*RECORD SET*:
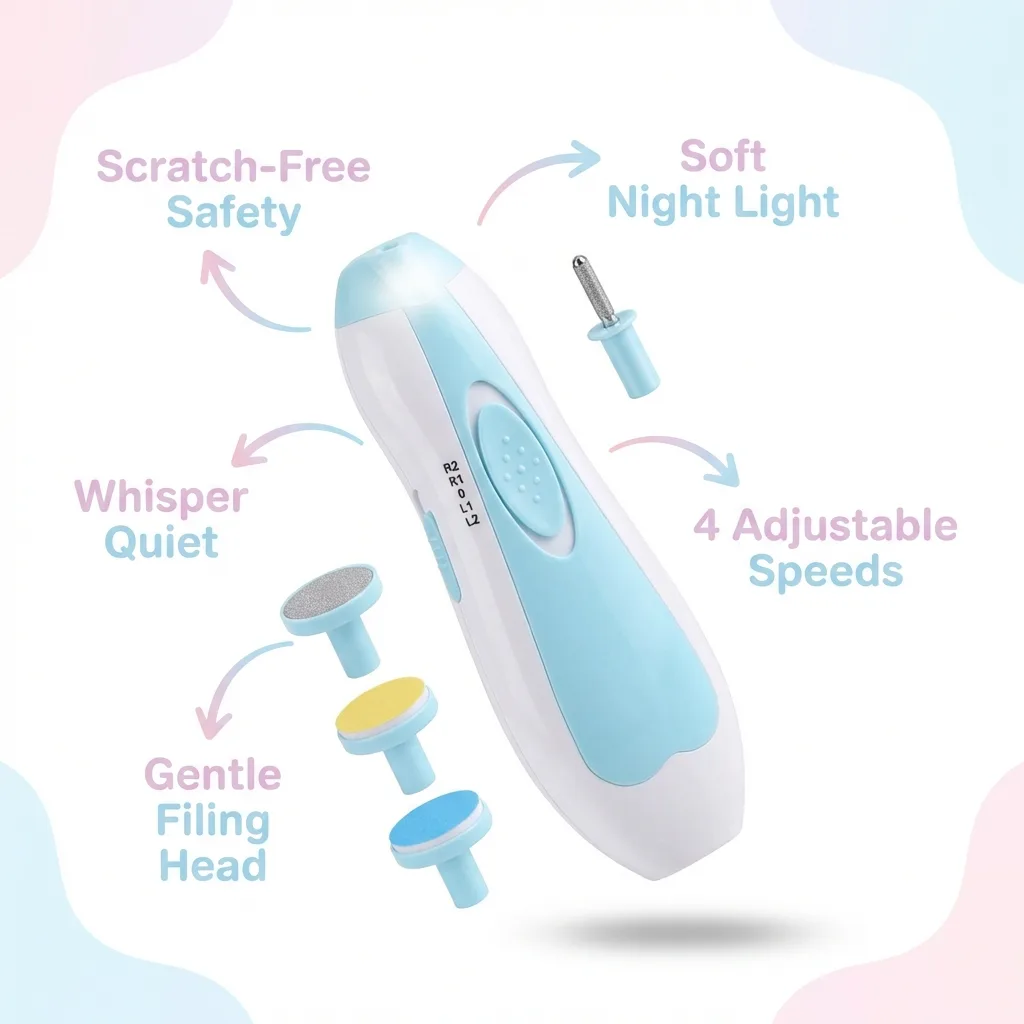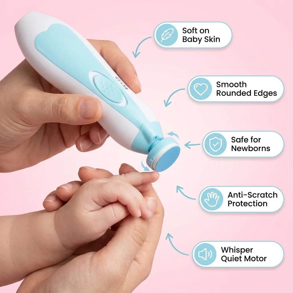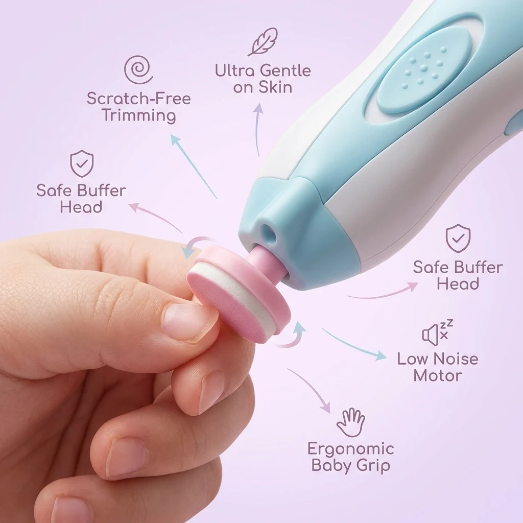 Safe, Gentle, and Stress-Free Grooming for Your Little One. Keep your baby’s delicate nails neat and smooth without the risk of traditional clippers. This electric nail trimmer features a whisper-quiet motor and soft filing pads, making it perfect for use even while your baby sleeps.
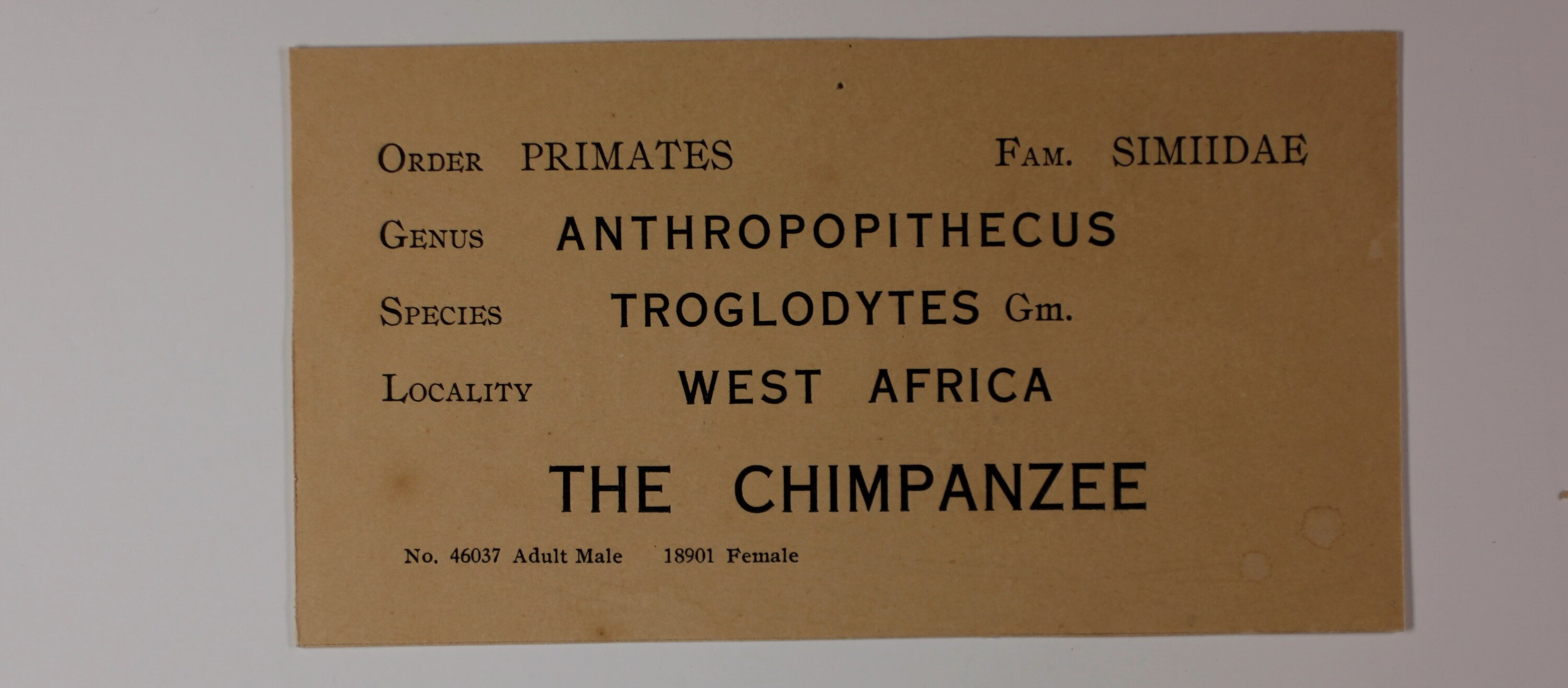 Six printed exhibition labels from 'The Ape' case that were removed from display on May 12, 1998. The specimens had been acquired at different times from the ninteenth century through to the end of the twentieth century and labels appear to have been created when each specimen was added to the display. The resulting group of labels reveals the changing style, materiality and didactic interpretation over time, from the earliest hand-painted labels to professionally printed group / family context labels.
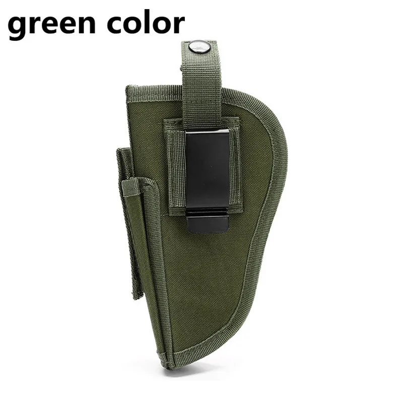 Характеристика: -Скрытая универсальная кобура -Регулировка подходит для левой и правой руки свободного переключения -Светильник изысканного изготовления и прочный, легко носить с собой -Имейте защитную пряжку в футляре с металлическим зажимом для ремня -Идеально подходит для военных, правоохранительных органов, охотников Посылка: 1 x кобура для пистолета Описание товара: Этот каждый день носит тактический пистолет кобура был разработан, чтобы соответствовать пистолетам от среднего до субкомпактного пистолетов. Он имеет застежку-петлю, чтобы убедиться, что оружие остается в безопасности и на месте. Можно использовать с обеих сторон влево и вправо, просто заменив стальной зажим с одной стороны на другую. Вы также можете поместить дополнительный журнал в панель держателя зажима, расположенную в передней части кобуры. Он также имеет застежку-липучку, чтобы гарантировать, что зажим не поврежден, независимо от того, что. Особенности: Подходит для большинства средних, компактных и компактных пистолетов Ремень для крепления кнопки Металлическая оправа для большого пальца Восстановленный стальной зажим Использование Ambidextrous на левой или правой стороне Дополнительный держатель для журналов спереди Застежка-липучка для держателя журнала Размеры: 7,5 "L x 5,25" Ш x 1,5 "D (19 см x 13 см x 3,5 см) Примерная Цвет: армейский зеленый, черный, коричневый Вес: 135 г Посылка 1 x чехол
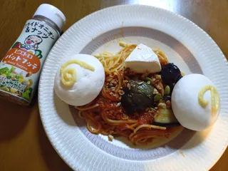 【63日目】なすとひき肉の辛味スパゲッティにパットフッテ 【63日目】盛り付け楽しみました😊
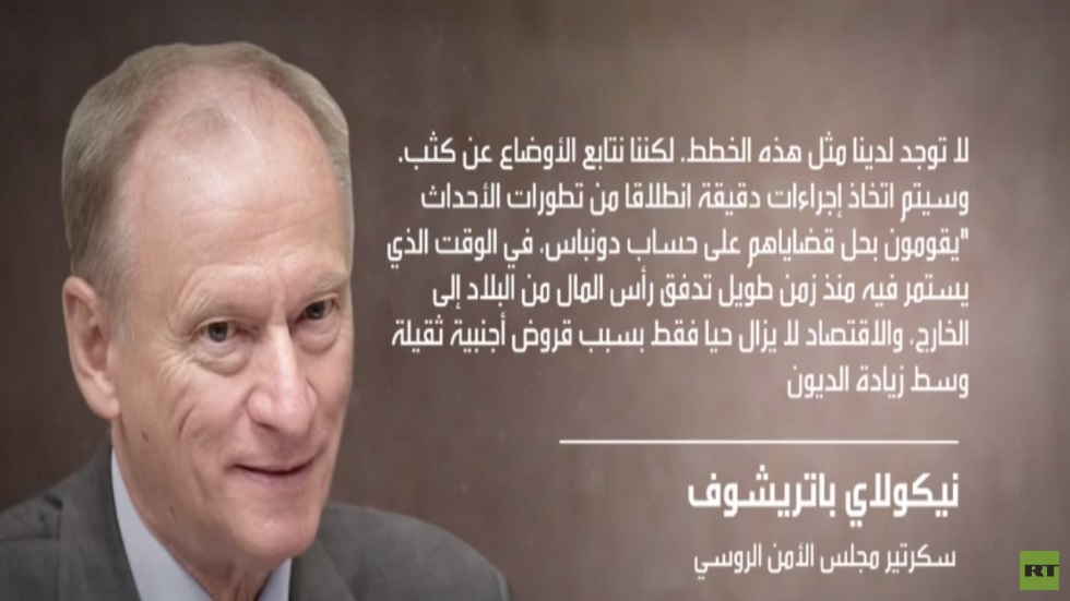 من جانبه، قال سكرتير مجلس الأمن الروسي نيقولاي باتروشيف إن روسيا لا تخطط للتدخل في أزمة دونباس، مؤكدا أن موسكو ستتعامل مع أي تطورات للأوضاع.
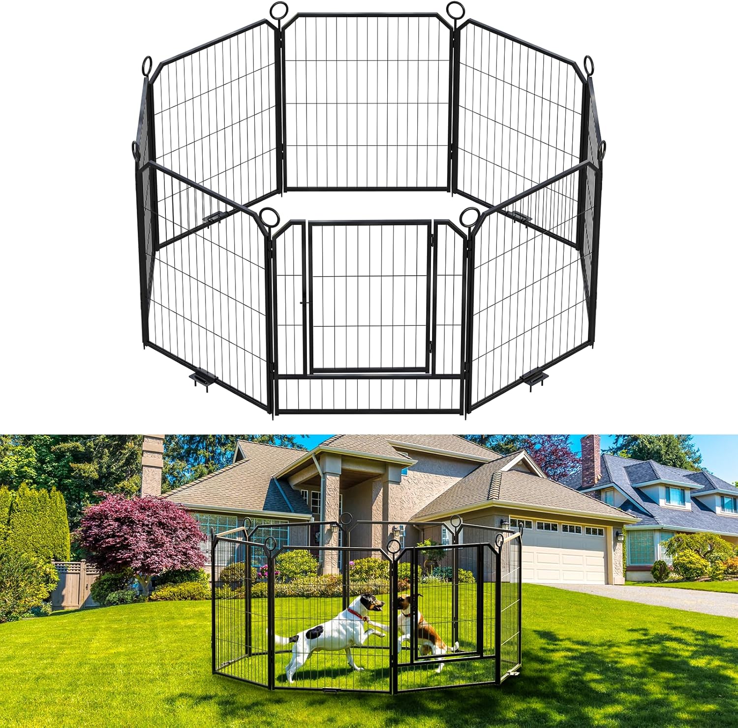 Dog Playpen Outdoor,16 Panel Dog Fence with Gate for Yard,Pet Exercise Pen for Rv Camping Garden for Medium Dogs with Fixed Stakes(32inch)
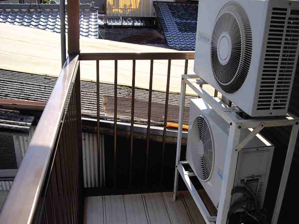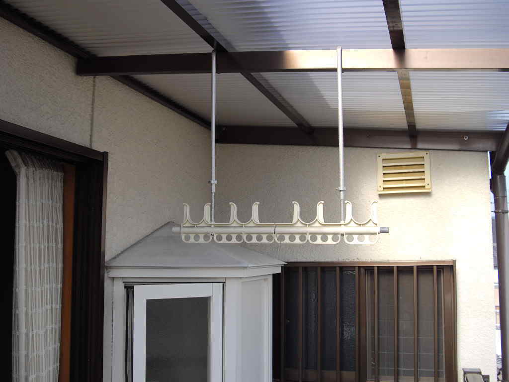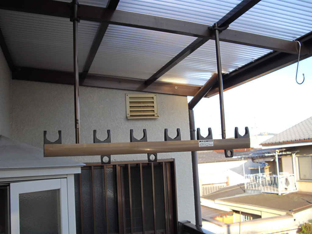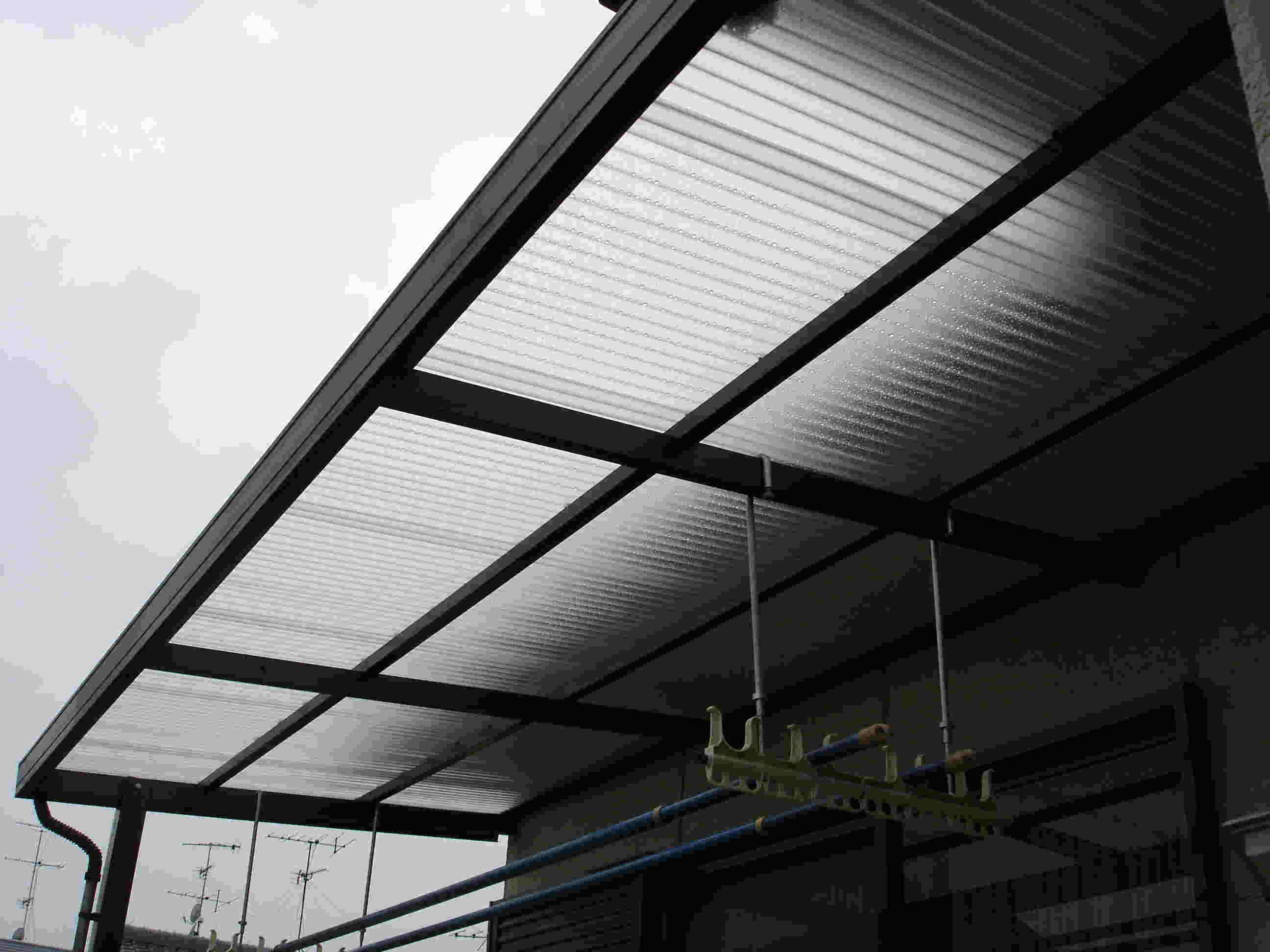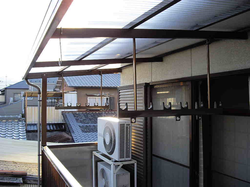 | 京都伏見の有限会社 久我製作所 エクステリア アルミ ベランダ 屋根 物干し金物 波板 ボリカ アルミ製ベランダ 改修工事 京都府 E様邸 京都の居宅のアルミ製ベランダ(物干し)の改修工事のご依頼を頂きました。 劣化している屋根の波板と物干し金物の交換。 また、ベランダ側面から雨が入ってくるので 『ステンレスパネル』を 雨よけに張りました。 ![]() 施工前の屋根。 波板が、劣化して割れてきています。 ![]() 施工後の屋根。 ポリカ材の波板に変更。 色は、クリアーすりガラス。 お客様のご意向どおり明るくなりました。
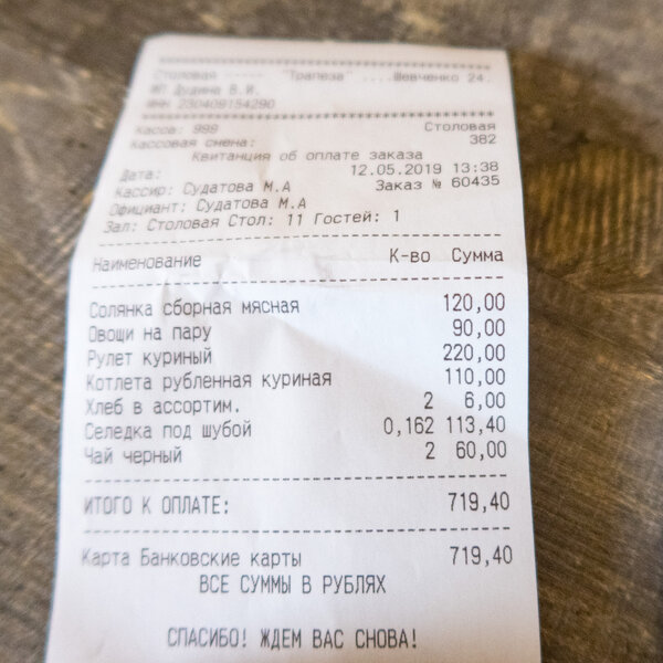 Общая сумма составила 719,40 рубля. Для сравнения, в Анапе нам обычно удавалось уложиться в 500–600 рублей за аналогичный обед.

*TASK STATEMENT*: An exact reproduction of the material is needed, without its images.

*RESPONSE*:
 Safe, Gentle, and Stress-Free Grooming for Your Little One. Keep your baby’s delicate nails neat and smooth without the risk of traditional clippers. This electric nail trimmer features a whisper-quiet motor and soft filing pads, making it perfect for use even while your baby sleeps.
 Six printed exhibition labels from 'The Ape' case that were removed from display on May 12, 1998. The specimens had been acquired at different times from the ninteenth century through to the end of the twentieth century and labels appear to have been created when each specimen was added to the display. The resulting group of labels reveals the changing style, materiality and didactic interpretation over time, from the earliest hand-painted labels to professionally printed group / family context labels.
 Характеристика: -Скрытая универсальная кобура -Регулировка подходит для левой и правой руки свободного переключения -Светильник изысканного изготовления и прочный, легко носить с собой -Имейте защитную пряжку в футляре с металлическим зажимом для ремня -Идеально подходит для военных, правоохранительных органов, охотников Посылка: 1 x кобура для пистолета Описание товара: Этот каждый день носит тактический пистолет кобура был разработан, чтобы соответствовать пистолетам от среднего до субкомпактного пистолетов. Он имеет застежку-петлю, чтобы убедиться, что оружие остается в безопасности и на месте. Можно использовать с обеих сторон влево и вправо, просто заменив стальной зажим с одной стороны на другую. Вы также можете поместить дополнительный журнал в панель держателя зажима, расположенную в передней части кобуры. Он также имеет застежку-липучку, чтобы гарантировать, что зажим не поврежден, независимо от того, что. Особенности: Подходит для большинства средних, компактных и компактных пистолетов Ремень для крепления кнопки Металлическая оправа для большого пальца Восстановленный стальной зажим Использование Ambidextrous на левой или правой стороне Дополнительный держатель для журналов спереди Застежка-липучка для держателя журнала Размеры: 7,5 "L x 5,25" Ш x 1,5 "D (19 см x 13 см x 3,5 см) Примерная Цвет: армейский зеленый, черный, коричневый Вес: 135 г Посылка 1 x чехол
 【63日目】なすとひき肉の辛味スパゲッティにパットフッテ 【63日目】盛り付け楽しみました😊
 من جانبه، قال سكرتير مجلس الأمن الروسي نيقولاي باتروشيف إن روسيا لا تخطط للتدخل في أزمة دونباس، مؤكدا أن موسكو ستتعامل مع أي تطورات للأوضاع.
 Dog Playpen Outdoor,16 Panel Dog Fence with Gate for Yard,Pet Exercise Pen for Rv Camping Garden for Medium Dogs with Fixed Stakes(32inch)
 | 京都伏見の有限会社 久我製作所 エクステリア アルミ ベランダ 屋根 物干し金物 波板 ボリカ アルミ製ベランダ 改修工事 京都府 E様邸 京都の居宅のアルミ製ベランダ(物干し)の改修工事のご依頼を頂きました。 劣化している屋根の波板と物干し金物の交換。 また、ベランダ側面から雨が入ってくるので 『ステンレスパネル』を 雨よけに張りました。 ![]() 施工前の屋根。 波板が、劣化して割れてきています。 ![]() 施工後の屋根。 ポリカ材の波板に変更。 色は、クリアーすりガラス。 お客様のご意向どおり明るくなりました。
 Общая сумма составила 719,40 рубля. Для сравнения, в Анапе нам обычно удавалось уложиться в 500–600 рублей за аналогичный обед.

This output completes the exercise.